Errors with --workers via cron #4

klemens-u · 2018-02-02T11:20:26Z

If I run a script in crontab using blocksync with --workers it always fails:

Traceback (most recent call last):
  File "/root/bin/blocksync.py", line 415, in <module>
    sync(i, srcdev, dsthost, dstdev, options)
  File "/root/bin/blocksync.py", line 318, in sync
    p_in.write(DIFF)
IOError: [Errno 32] Broken pipe
Traceback (most recent call last):
  File "/root/bin/blocksync.py", line 431, in <module>
    os.kill(pid, signal.SIGTERM)
OSError: [Errno 3] No such process

Environment:

Ubuntu 16.04 LTS Server
Using kpartx to create a block device from an image file
Command:
/root/bin/blocksync.py '--extraparams=-p 2222' --cipher=aes256-ctr --blocksize=4194304 --workers=2 --script=/root/bin/blocksync.py /dev/loop1 [email protected] /srv/libvirt_images/myserver.root.img

The text was updated successfully, but these errors were encountered:

ct16k · 2018-02-22T10:56:11Z

Can you do a tcpdump while the cronjob is running? And what is your network setup like?
Seems like the script believes it successfully connected to the remote system but then can't talk to it.

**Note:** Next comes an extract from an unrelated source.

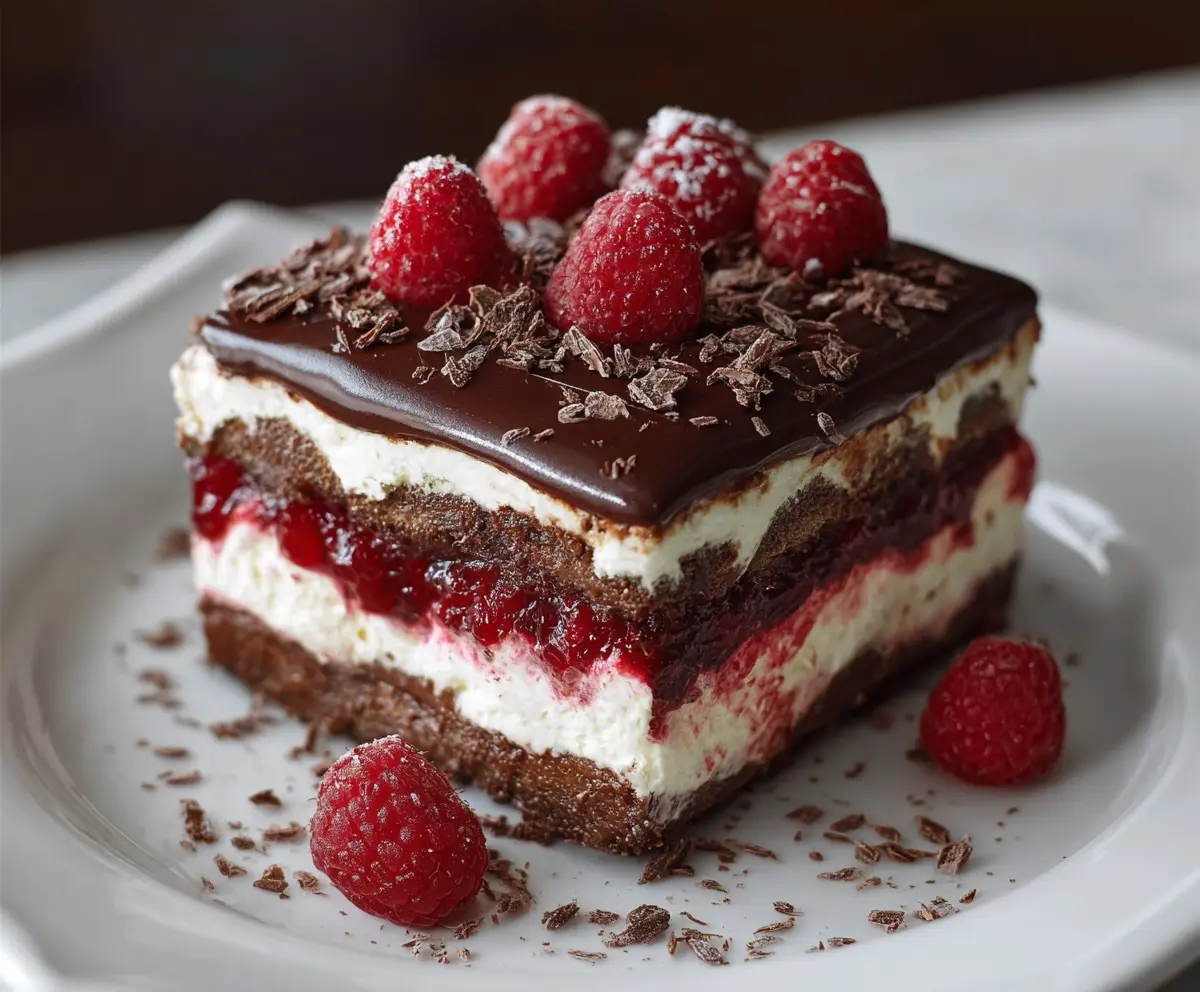 Enjoy the creamy layers of chocolate cake, rich cream, fresh raspberries, and luscious ganache in every bite of this elegant Raspberry Chocolate Lasagna!

ct16k · 2018-03-02T11:22:20Z

Is this related to #5 and can be closed or a different issue?

klemens-u · 2018-03-02T11:23:35Z

This is a different issue. I'll try to send you the desired infos soon.

davidbartonau · 2019-05-07T13:32:28Z

I had the same issue, with the error: Error copying blocksync to the remote host! however --splay 2 fixed it. PS this is a brilliant tool @ct16k thanks for sharing!

davidbartonau · 2019-09-01T14:24:51Z

@ct16k that fix doesn't always work. I have a replication that works 100% when run by hand with 6 workers and 100% fails on the first status update (I run with --interval=60 so it takes a minute to fail)

[worker 2] Remote fadvise: None
[worker 2] Start syncing 1195 blocks...
[worker 1] Remote fadvise: None
[worker 1] Start syncing 1195 blocks...
[worker 0] Remote fadvise: None
[worker 0] Start syncing 1195 blocks...
[worker 4] Remote fadvise: None
[worker 5] Remote fadvise: None
[worker 3] Remote fadvise: None
[worker 4] Start syncing 1195 blocks...
[worker 5] Start syncing 1195 blocks...
[worker 3] Start syncing 1195 blocks...

Worker #4 exited with 256
Worker #1 exited with 15
Worker #5 exited with 15
Worker #2 exited with 15
Worker #3 exited with 15
Worker #0 exited with 15

davidbartonau · 2019-09-01T14:37:54Z

Running with multiple workers definitely helps overcome network latency, even when your disks don't increase throughput with multiple workers.

davidbartonau · 2019-09-02T09:34:50Z

I have a replication that works 100% when run by hand with 6 workers and 100% fails on the first status update (I run with --interval=60 so it takes a minute to fail)

To be clear, I mean it works when run in a terminal or even in a disconnected tmux session. When run via cron or at it fails when run with multiple workers. Switching to a single worker then works. As the network it high(ish) latency, that is a bit of a pain.

davidbartonau · 2019-09-15T08:44:27Z

@theraser I have tried adding debug logging both on the sender and the receiver.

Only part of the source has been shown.